EXERCISE PROMPT.
Needed from the data below: every line from the one with "넥 라인에는 블루톤으로" up to and including the one with "相比高中阶段的《现代媒体艺术", repeated exactly and with nothing else.

SUPPLIED MATERIAL.
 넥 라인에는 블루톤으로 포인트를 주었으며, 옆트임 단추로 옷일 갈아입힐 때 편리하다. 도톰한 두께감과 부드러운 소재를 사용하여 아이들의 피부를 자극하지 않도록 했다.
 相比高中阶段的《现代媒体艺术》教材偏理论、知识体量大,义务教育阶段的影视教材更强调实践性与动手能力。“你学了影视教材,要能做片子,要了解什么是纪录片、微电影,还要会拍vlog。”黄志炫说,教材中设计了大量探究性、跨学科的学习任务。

---

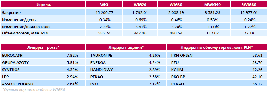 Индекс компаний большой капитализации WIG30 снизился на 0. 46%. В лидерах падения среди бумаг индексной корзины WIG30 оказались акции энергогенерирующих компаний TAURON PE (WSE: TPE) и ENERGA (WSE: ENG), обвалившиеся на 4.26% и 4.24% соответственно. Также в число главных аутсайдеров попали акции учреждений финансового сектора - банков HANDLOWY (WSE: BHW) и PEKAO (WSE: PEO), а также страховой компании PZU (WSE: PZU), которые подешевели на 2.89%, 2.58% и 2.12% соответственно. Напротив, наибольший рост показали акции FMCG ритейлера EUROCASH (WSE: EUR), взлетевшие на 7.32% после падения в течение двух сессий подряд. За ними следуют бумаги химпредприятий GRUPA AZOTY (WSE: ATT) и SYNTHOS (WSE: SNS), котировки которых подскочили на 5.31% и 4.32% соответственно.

EXERCISE OUTPUT.
 넥 라인에는 블루톤으로 포인트를 주었으며, 옆트임 단추로 옷일 갈아입힐 때 편리하다. 도톰한 두께감과 부드러운 소재를 사용하여 아이들의 피부를 자극하지 않도록 했다.
 相比高中阶段的《现代媒体艺术》教材偏理论、知识体量大,义务教育阶段的影视教材更强调实践性与动手能力。“你学了影视教材,要能做片子,要了解什么是纪录片、微电影,还要会拍vlog。”黄志炫说,教材中设计了大量探究性、跨学科的学习任务。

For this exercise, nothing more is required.